Task directions — Throughout the material below, count each line in which the word "design" appears, then reply with the count only.

Data section —
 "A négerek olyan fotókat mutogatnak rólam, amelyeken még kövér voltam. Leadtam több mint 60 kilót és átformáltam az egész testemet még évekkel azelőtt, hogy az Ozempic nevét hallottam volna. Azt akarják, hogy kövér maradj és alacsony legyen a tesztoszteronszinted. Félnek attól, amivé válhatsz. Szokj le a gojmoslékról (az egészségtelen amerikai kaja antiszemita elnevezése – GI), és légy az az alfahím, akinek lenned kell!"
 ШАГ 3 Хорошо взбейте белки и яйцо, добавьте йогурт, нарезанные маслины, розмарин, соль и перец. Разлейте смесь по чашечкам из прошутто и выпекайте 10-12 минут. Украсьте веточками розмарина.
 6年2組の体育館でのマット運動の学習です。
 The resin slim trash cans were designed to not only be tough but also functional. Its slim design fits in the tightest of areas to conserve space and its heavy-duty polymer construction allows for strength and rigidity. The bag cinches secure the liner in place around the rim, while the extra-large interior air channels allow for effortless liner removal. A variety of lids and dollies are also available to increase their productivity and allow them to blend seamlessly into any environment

--

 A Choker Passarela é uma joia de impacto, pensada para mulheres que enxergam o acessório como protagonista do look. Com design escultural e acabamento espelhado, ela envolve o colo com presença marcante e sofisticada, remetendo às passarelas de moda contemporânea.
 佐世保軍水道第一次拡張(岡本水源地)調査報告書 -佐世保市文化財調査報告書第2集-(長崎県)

Answer — 2